Information supplied -
- - -

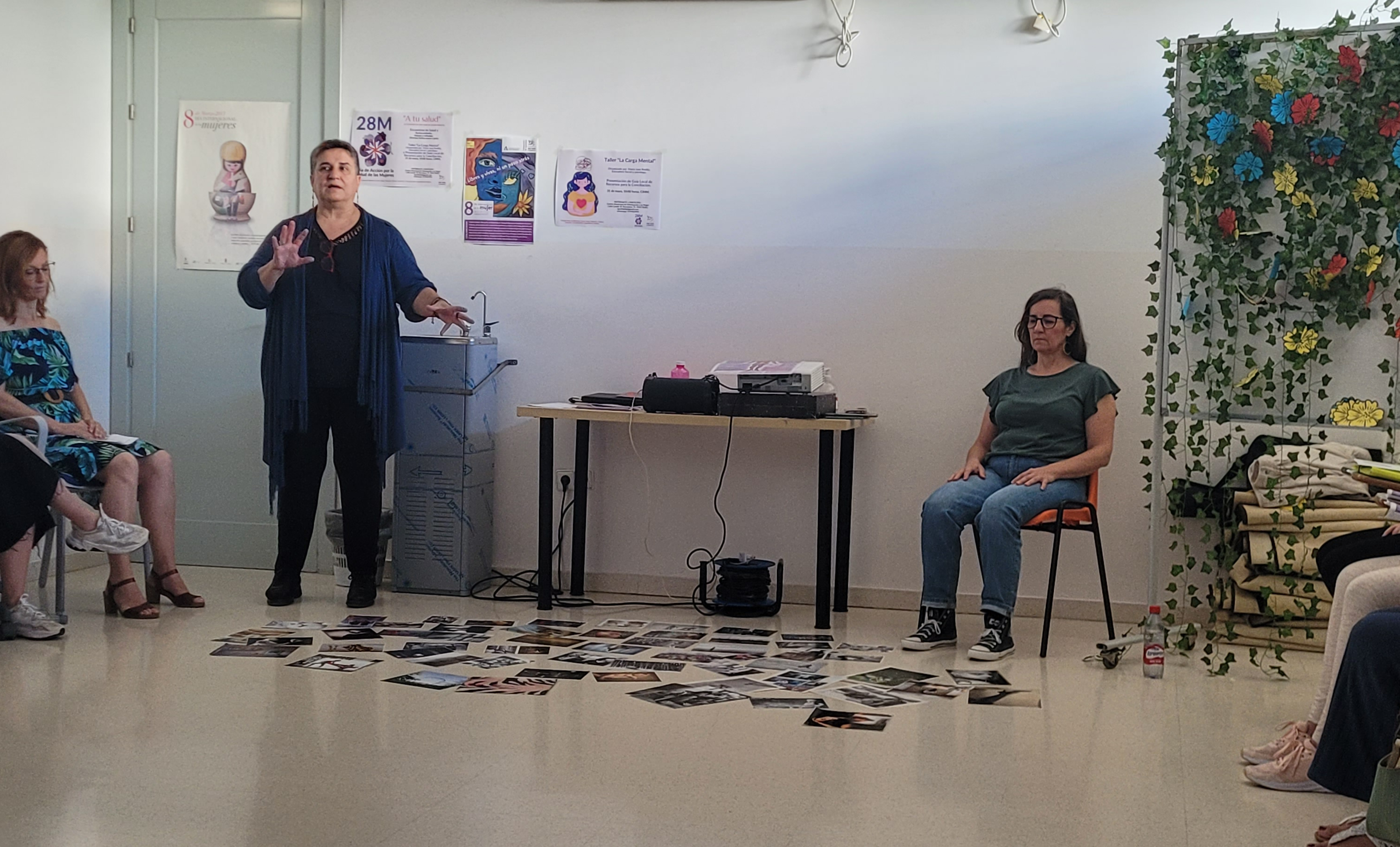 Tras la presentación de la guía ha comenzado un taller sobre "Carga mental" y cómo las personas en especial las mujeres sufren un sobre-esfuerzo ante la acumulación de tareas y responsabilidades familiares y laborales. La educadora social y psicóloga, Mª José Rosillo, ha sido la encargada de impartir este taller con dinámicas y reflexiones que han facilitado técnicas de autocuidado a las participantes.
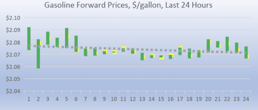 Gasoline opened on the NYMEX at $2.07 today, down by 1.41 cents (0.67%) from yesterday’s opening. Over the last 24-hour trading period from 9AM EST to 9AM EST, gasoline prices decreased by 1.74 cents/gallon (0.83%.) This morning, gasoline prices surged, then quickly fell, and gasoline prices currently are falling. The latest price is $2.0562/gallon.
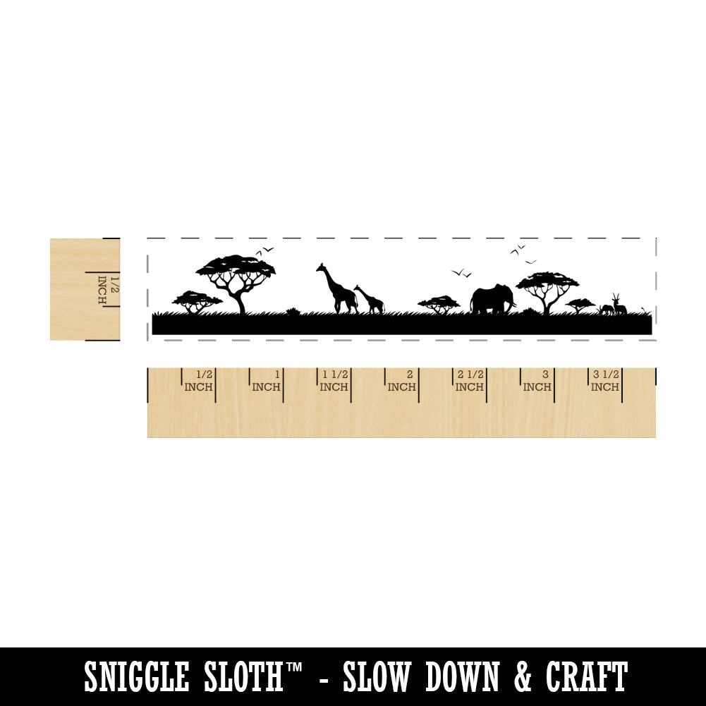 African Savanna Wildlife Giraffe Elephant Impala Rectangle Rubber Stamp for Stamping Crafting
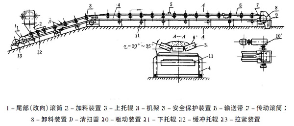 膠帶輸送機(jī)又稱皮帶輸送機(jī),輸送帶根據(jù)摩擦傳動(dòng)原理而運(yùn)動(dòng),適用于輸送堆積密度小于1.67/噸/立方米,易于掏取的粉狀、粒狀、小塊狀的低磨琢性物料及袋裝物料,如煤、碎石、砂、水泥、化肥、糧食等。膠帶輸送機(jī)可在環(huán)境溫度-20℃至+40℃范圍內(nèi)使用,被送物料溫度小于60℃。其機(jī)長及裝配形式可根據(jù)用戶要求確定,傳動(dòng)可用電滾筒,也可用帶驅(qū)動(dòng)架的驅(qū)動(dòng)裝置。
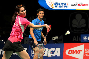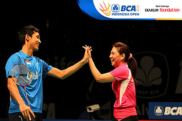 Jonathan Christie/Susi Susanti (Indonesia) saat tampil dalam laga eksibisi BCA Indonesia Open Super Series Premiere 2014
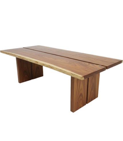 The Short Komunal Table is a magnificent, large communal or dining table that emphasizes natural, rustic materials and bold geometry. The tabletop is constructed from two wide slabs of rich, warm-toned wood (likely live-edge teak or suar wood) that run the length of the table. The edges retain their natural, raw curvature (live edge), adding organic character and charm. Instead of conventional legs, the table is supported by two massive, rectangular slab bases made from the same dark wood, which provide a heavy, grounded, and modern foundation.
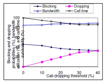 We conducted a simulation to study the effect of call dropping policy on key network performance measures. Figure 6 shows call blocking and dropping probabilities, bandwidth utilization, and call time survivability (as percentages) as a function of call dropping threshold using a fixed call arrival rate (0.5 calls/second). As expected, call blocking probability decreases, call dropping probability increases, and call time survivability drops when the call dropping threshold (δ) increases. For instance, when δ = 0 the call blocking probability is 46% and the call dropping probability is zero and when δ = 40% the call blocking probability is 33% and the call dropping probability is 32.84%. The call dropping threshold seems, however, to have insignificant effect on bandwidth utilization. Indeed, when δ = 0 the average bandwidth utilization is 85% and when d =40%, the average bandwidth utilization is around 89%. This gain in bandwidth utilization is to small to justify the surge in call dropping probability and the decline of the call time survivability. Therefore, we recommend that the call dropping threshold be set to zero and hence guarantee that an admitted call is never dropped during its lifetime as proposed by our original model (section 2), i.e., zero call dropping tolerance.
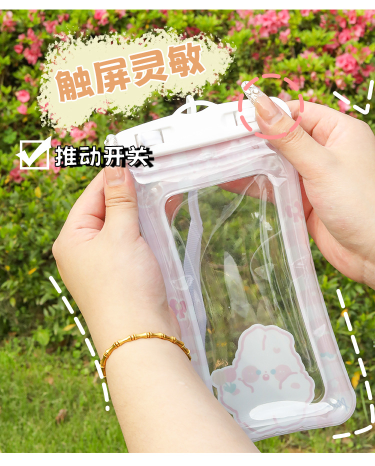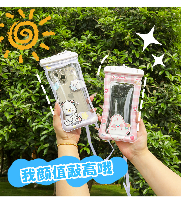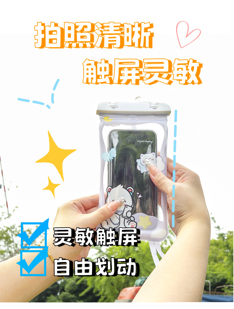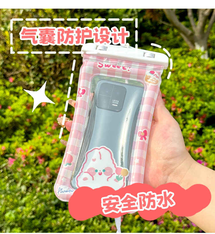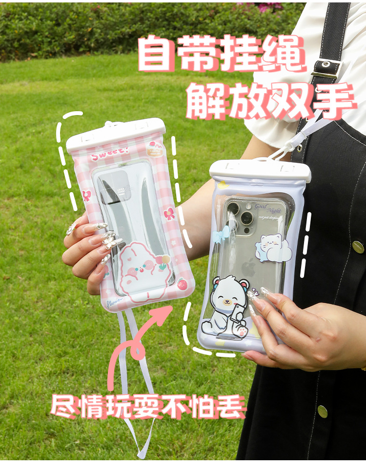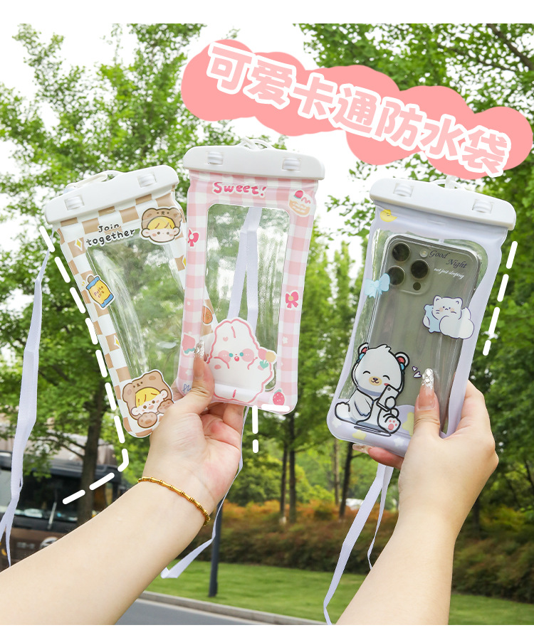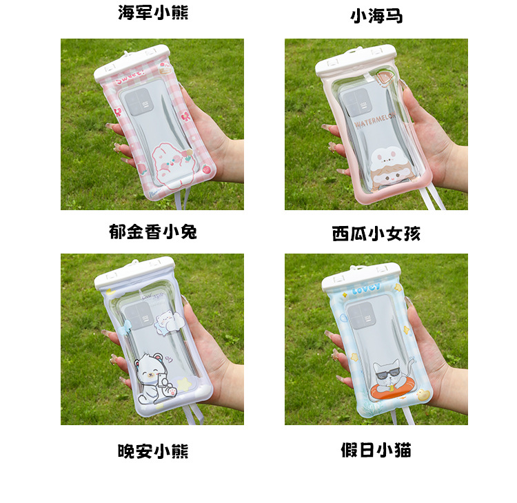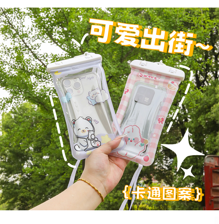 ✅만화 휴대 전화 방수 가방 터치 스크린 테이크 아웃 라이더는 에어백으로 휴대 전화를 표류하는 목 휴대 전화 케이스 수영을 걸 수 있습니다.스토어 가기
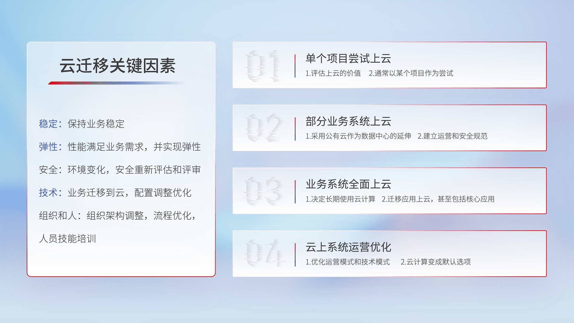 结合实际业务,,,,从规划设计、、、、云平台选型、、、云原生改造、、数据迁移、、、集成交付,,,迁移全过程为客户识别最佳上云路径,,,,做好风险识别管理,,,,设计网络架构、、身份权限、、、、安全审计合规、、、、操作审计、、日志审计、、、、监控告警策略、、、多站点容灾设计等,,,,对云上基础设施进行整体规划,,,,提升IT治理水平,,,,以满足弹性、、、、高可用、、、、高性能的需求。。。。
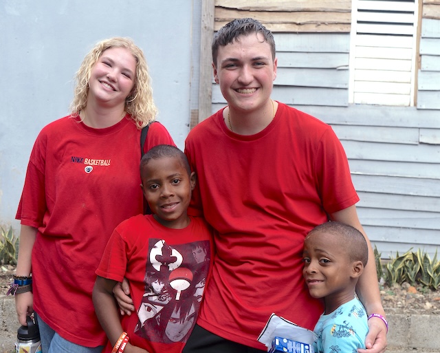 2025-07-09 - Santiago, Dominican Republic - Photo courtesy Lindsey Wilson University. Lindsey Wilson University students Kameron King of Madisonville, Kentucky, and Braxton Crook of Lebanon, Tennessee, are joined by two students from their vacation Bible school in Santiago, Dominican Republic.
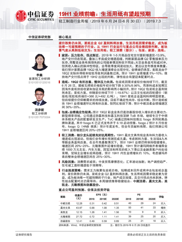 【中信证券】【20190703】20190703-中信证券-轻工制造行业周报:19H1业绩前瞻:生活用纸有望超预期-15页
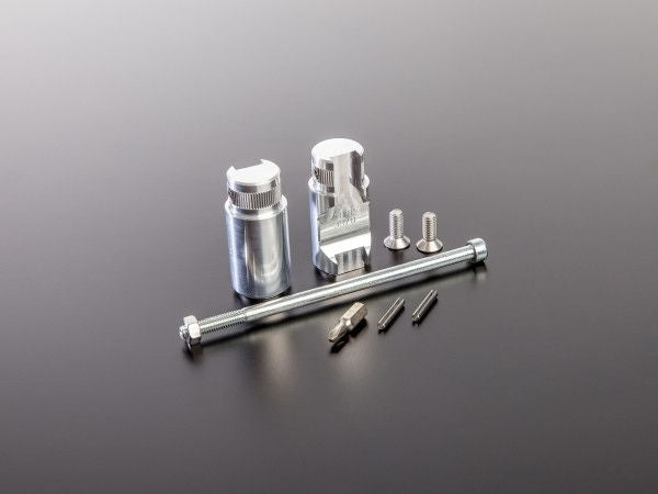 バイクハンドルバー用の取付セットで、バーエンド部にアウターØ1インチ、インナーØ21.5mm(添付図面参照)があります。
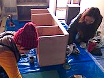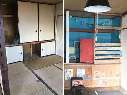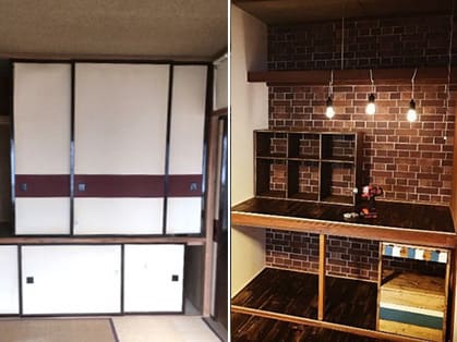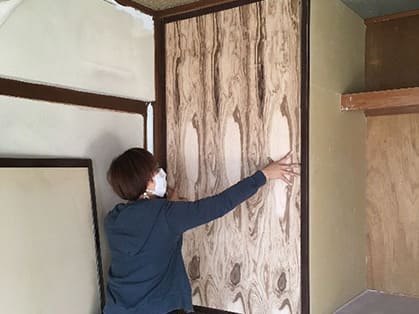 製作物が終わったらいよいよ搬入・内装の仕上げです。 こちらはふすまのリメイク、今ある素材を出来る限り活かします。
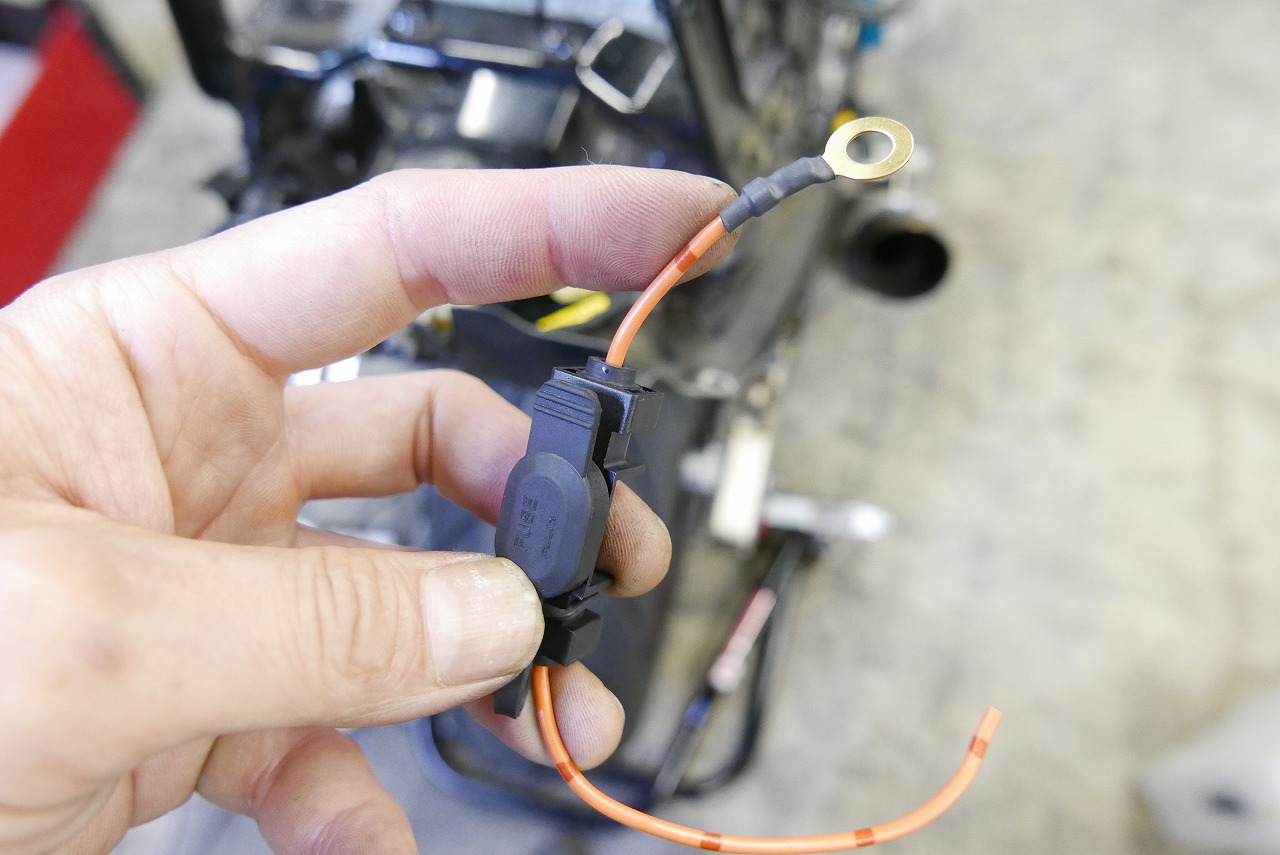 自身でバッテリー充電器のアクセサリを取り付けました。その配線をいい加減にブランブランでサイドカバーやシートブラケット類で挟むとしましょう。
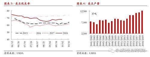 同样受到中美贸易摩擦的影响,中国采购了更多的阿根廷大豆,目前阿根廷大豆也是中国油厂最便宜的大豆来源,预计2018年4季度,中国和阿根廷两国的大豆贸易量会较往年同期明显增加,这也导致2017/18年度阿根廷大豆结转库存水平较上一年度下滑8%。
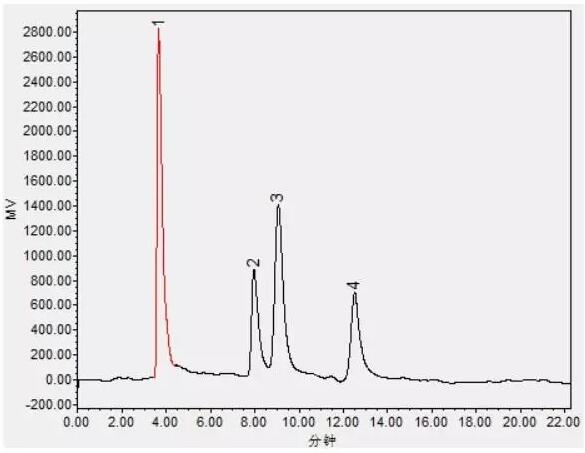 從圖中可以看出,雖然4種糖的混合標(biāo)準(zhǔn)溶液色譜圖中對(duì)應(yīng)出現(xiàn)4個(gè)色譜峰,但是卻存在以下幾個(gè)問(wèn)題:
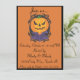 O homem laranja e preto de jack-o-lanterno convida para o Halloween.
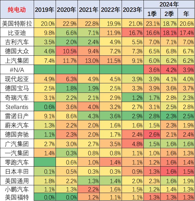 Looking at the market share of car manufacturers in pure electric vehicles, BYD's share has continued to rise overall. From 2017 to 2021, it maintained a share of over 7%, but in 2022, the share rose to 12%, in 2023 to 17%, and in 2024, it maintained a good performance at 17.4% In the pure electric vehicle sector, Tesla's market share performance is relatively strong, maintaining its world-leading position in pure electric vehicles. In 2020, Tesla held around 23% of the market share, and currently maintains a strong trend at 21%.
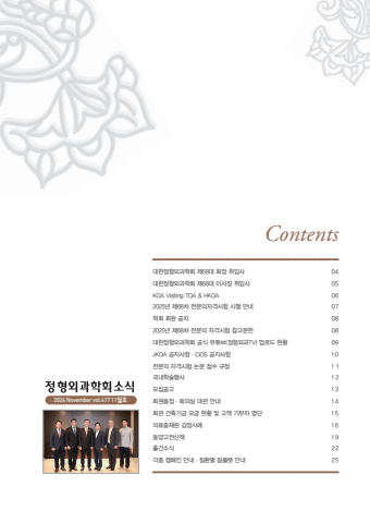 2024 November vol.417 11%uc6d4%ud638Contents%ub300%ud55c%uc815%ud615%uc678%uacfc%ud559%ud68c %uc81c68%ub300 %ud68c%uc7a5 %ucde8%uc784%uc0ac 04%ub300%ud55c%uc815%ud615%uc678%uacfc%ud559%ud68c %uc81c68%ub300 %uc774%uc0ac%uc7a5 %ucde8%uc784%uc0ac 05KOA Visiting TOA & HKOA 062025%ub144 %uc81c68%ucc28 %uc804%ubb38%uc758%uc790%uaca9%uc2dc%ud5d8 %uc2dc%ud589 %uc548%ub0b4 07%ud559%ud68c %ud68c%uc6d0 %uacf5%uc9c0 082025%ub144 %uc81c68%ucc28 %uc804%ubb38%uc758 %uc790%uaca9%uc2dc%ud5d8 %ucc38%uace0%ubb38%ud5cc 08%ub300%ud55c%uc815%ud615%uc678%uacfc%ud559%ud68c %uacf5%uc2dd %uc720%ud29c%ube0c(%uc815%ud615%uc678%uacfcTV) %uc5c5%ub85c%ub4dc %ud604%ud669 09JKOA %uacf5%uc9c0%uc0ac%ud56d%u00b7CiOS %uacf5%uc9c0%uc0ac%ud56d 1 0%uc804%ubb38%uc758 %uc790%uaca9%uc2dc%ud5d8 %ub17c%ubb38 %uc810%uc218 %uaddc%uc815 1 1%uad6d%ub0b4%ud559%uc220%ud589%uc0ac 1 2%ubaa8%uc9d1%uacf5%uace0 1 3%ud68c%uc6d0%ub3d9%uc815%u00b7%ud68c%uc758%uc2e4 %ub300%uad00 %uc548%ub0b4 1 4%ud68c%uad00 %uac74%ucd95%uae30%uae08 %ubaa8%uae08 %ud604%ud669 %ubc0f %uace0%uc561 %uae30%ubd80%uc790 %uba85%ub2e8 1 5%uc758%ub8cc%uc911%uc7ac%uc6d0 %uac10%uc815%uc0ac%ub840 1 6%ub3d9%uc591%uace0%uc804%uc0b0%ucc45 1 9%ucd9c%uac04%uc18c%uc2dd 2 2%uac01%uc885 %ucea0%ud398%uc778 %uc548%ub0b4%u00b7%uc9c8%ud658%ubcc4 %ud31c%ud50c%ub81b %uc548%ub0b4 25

- - -

Task details - Would you transcribe the lines above exactly, going from the line bearing "O homem laranja" through the line bearing "Looking at the", and drop the pictures from the copy?

Result below -
 O homem laranja e preto de jack-o-lanterno convida para o Halloween.
 Looking at the market share of car manufacturers in pure electric vehicles, BYD's share has continued to rise overall. From 2017 to 2021, it maintained a share of over 7%, but in 2022, the share rose to 12%, in 2023 to 17%, and in 2024, it maintained a good performance at 17.4% In the pure electric vehicle sector, Tesla's market share performance is relatively strong, maintaining its world-leading position in pure electric vehicles. In 2020, Tesla held around 23% of the market share, and currently maintains a strong trend at 21%.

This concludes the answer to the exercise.